[Opening Data section section]

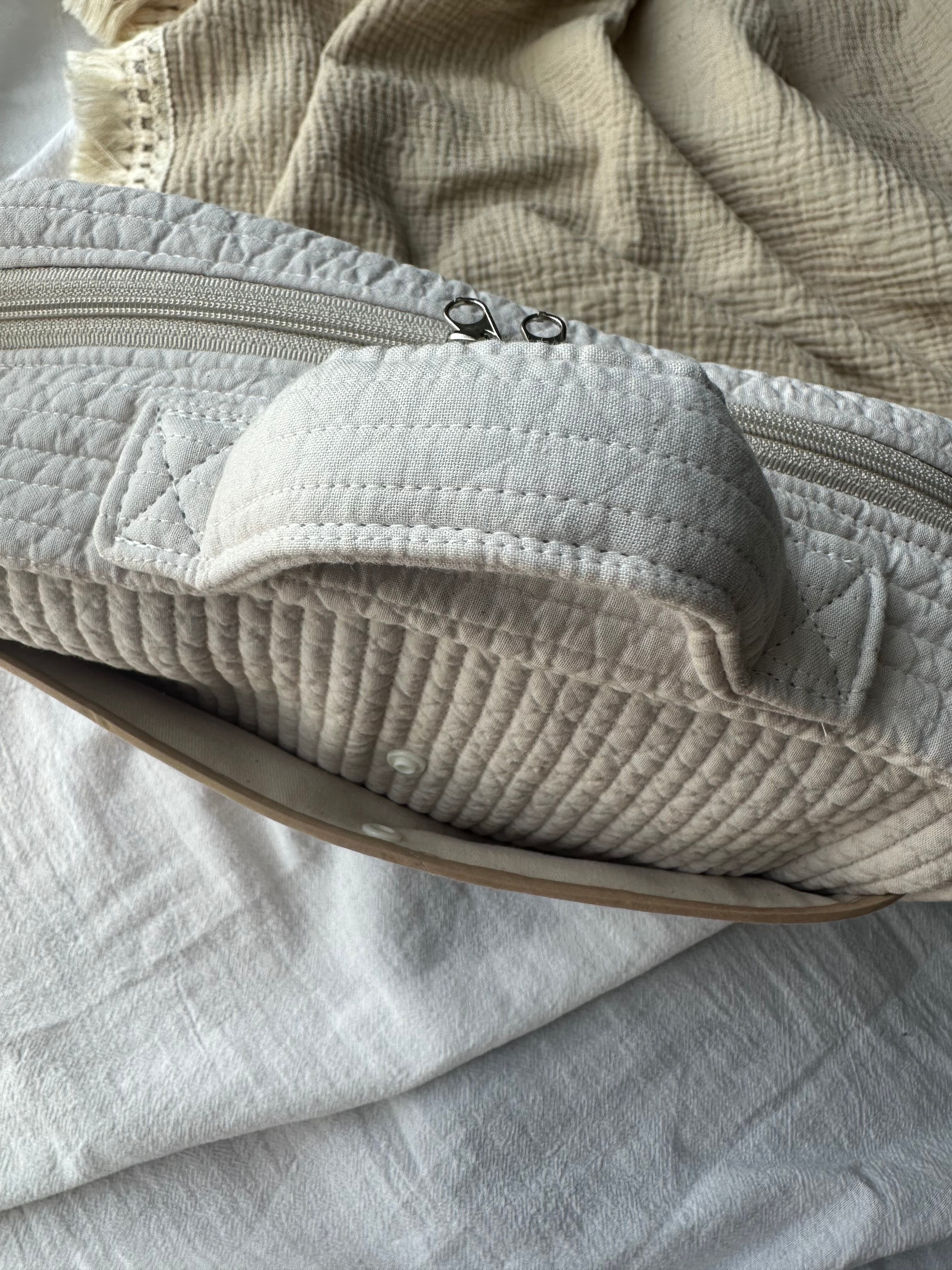 外にはファスナーポケットを付けましたので、おしりふきや、ビニール袋など、入れると便利です^ ^
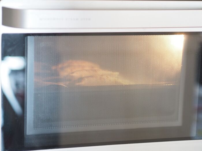 2、1を600Wの電子レンジで3分ほど加熱したら、かき混ぜて再度3分ほど加熱します。
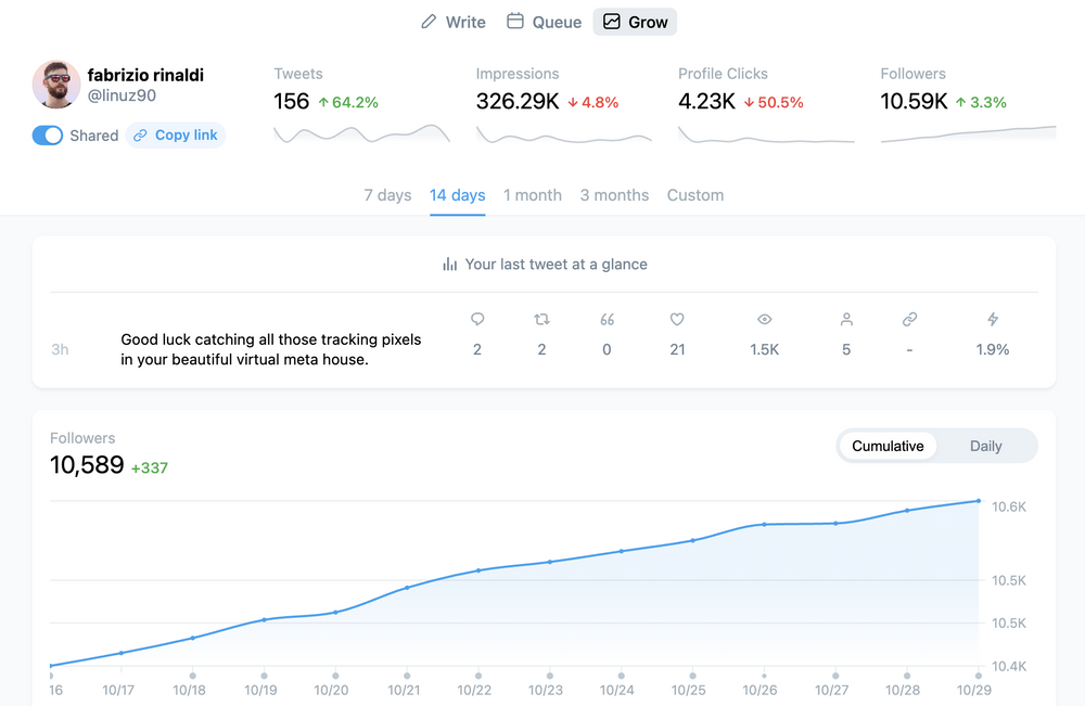Typefully provides you a platform to boost your Twitter growth with engagement analytics to optimize your marketing strategy. With this tool, you can discover insights into the best time to post a tweet for high engagement and how users engage with your tweets.
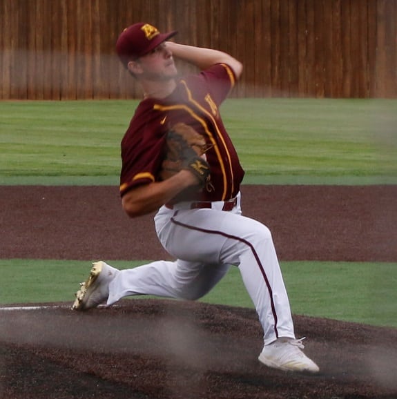 In the top of the fourth, the Golden Eagles got on the board for the first time with a couple of runs. After the first two batters were retired, UMC brought out their two-out bats with Will Zimmerman (Sr. Park River, ND) reached on an infield single and got to second on a throwing error. Scott Finberg (Sr. Stillwater) was hit by a pitch and Jake Hjelle (Fresh. East Grand Forks) singled to right to score Zimmerman and a bobble in right field allowed Finberg to score all the way from first to make it 7-2.

[Closing Data section section]

_What to produce_
Everything in the data except the pictures must be retyped exactly.

_Task answer_
 外にはファスナーポケットを付けましたので、おしりふきや、ビニール袋など、入れると便利です^ ^
 2、1を600Wの電子レンジで3分ほど加熱したら、かき混ぜて再度3分ほど加熱します。
Typefully provides you a platform to boost your Twitter growth with engagement analytics to optimize your marketing strategy. With this tool, you can discover insights into the best time to post a tweet for high engagement and how users engage with your tweets.
 In the top of the fourth, the Golden Eagles got on the board for the first time with a couple of runs. After the first two batters were retired, UMC brought out their two-out bats with Will Zimmerman (Sr. Park River, ND) reached on an infield single and got to second on a throwing error. Scott Finberg (Sr. Stillwater) was hit by a pitch and Jake Hjelle (Fresh. East Grand Forks) singled to right to score Zimmerman and a bobble in right field allowed Finberg to score all the way from first to make it 7-2.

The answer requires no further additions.